Diclofensine

Clinical data
- ATC code: None;

Legal status
- Legal status: In general: legal;

Identifiers
- IUPAC name 4-(3,4-dichlorophenyl)-7-methoxy-2-methyl-1,2,3,4-tetrahydroisoquinoline;
- CAS Number: 67165-56-4;
- PubChem CID: 68871;
- ChemSpider: 62103;
- UNII: 09HKW863J6;
- ChEMBL: ChEMBL287257;
- CompTox Dashboard (EPA): DTXSID30867264 ;

Chemical and physical data
- Formula: C_{17}H_{17}Cl_{2}NO
- Molar mass: 322.23 g·mol^{−1}
- 3D model (JSmol): Interactive image;
- SMILES CN1CC(C2=C(C1)C=C(C=C2)OC)C3=CC(=C(C=C3)Cl)Cl;
- InChI InChI=1S/C17H17Cl2NO/c1-20-9-12-7-13(21-2)4-5-14(12)15(10-20)11-3-6-16(18)17(19)8-11/h3-8,15H,9-10H2,1-2H3; Key:ZJDCGVDEEHWEIG-UHFFFAOYSA-N;

= Diclofensine =

Chemical compound

Diclofensine (Ro 8-4650) was developed by Hoffmann-La Roche in the 1970s in the search for a new antidepressant.
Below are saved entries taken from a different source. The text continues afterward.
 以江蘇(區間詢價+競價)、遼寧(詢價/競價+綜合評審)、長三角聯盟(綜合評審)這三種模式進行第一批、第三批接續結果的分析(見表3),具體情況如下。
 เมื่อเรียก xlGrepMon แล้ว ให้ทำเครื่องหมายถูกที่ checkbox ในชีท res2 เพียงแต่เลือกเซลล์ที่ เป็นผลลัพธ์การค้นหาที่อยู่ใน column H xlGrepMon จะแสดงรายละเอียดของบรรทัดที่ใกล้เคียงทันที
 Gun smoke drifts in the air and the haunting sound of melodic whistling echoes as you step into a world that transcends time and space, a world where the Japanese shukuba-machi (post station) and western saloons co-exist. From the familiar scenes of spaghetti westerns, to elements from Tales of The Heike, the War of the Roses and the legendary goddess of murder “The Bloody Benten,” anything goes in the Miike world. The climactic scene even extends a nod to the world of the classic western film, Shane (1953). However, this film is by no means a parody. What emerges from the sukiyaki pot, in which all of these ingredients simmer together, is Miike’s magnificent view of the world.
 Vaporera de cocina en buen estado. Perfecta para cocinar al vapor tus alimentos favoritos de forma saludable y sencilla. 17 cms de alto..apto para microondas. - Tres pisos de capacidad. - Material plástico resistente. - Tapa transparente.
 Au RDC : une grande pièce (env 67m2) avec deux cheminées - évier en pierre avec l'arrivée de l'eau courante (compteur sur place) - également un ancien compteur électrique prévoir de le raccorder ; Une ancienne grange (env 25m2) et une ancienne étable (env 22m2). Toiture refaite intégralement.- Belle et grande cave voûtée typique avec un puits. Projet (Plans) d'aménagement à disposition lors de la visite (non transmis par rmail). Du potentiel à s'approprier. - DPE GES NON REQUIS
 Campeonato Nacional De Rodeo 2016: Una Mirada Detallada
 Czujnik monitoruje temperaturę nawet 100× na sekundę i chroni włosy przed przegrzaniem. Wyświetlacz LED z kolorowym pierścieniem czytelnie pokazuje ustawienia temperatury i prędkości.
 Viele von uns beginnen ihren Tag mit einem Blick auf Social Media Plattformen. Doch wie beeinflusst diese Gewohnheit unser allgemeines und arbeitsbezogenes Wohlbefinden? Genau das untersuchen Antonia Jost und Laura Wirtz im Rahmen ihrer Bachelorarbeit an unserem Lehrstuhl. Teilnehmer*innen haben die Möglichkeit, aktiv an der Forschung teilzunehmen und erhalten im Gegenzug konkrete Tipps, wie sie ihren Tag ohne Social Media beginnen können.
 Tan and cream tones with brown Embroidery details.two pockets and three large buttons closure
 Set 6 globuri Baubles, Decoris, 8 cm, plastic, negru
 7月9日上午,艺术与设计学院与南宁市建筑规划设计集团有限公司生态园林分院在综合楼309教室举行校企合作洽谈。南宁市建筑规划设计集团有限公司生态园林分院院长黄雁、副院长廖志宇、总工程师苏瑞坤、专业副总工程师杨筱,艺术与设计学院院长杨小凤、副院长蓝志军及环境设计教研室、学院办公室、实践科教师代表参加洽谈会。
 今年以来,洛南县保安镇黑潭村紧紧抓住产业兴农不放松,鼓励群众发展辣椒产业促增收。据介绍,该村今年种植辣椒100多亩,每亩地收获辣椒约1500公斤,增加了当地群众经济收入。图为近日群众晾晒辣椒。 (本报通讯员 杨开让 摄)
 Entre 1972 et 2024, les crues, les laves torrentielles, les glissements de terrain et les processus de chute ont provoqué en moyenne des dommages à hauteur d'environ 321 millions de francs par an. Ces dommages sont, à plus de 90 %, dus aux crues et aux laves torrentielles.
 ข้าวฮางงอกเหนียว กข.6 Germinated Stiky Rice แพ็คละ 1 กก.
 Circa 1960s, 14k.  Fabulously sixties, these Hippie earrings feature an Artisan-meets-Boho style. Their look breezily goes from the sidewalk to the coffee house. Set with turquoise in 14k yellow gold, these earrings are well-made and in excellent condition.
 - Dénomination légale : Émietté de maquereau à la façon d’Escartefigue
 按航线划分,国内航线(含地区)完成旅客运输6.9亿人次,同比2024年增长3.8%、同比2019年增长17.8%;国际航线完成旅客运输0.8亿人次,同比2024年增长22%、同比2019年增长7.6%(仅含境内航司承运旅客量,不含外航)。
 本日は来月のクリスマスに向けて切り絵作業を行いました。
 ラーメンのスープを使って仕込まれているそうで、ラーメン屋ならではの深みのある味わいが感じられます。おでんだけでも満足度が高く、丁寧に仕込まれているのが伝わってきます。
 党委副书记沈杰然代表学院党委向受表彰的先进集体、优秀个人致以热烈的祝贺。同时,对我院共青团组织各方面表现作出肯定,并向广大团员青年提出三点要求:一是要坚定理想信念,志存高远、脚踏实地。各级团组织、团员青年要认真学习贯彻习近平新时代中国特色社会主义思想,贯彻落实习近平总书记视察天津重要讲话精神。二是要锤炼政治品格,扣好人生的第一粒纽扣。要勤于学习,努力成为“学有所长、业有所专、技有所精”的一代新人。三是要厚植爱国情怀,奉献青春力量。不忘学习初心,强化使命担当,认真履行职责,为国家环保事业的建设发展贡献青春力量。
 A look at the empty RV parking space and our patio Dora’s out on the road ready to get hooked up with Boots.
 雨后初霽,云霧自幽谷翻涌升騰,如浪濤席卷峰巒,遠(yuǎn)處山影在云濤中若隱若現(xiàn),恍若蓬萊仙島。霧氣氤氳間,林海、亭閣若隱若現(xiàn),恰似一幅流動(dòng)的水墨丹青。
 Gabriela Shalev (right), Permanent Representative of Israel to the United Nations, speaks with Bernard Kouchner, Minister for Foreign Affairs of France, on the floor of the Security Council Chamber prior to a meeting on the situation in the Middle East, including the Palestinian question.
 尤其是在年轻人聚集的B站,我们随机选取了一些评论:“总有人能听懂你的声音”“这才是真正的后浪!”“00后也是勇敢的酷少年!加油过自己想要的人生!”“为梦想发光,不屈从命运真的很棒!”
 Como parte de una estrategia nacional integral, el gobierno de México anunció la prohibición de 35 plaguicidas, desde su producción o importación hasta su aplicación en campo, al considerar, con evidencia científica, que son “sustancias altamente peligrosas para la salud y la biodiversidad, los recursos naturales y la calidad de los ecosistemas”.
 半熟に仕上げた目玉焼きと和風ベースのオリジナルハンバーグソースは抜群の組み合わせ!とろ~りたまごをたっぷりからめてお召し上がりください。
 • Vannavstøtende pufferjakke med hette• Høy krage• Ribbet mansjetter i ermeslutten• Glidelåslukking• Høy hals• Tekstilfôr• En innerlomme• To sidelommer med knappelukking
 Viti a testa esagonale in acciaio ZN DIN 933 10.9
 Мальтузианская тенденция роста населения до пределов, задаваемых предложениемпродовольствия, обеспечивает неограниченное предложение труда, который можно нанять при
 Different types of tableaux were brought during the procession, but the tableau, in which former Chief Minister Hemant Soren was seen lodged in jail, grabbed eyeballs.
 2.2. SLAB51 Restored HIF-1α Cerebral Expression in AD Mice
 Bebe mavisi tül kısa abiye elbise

It was found that the (S)-isomer was responsible for activity. Diclofensine is a stimulant drug which acts as a triple monoamine reuptake inhibitor, primarily inhibiting the reuptake of dopamine and norepinephrine, with affinities (K_{i}) of 16.8 nM, 15.7 nM, and 51 nM for DAT, NET, and SERT (dopamine, norepinephrine and serotonin transporters), respectively. It was found to be an effective antidepressant in human trials, with relatively few side effects, but was ultimately dropped from clinical development, possibly due to concerns about its abuse potential.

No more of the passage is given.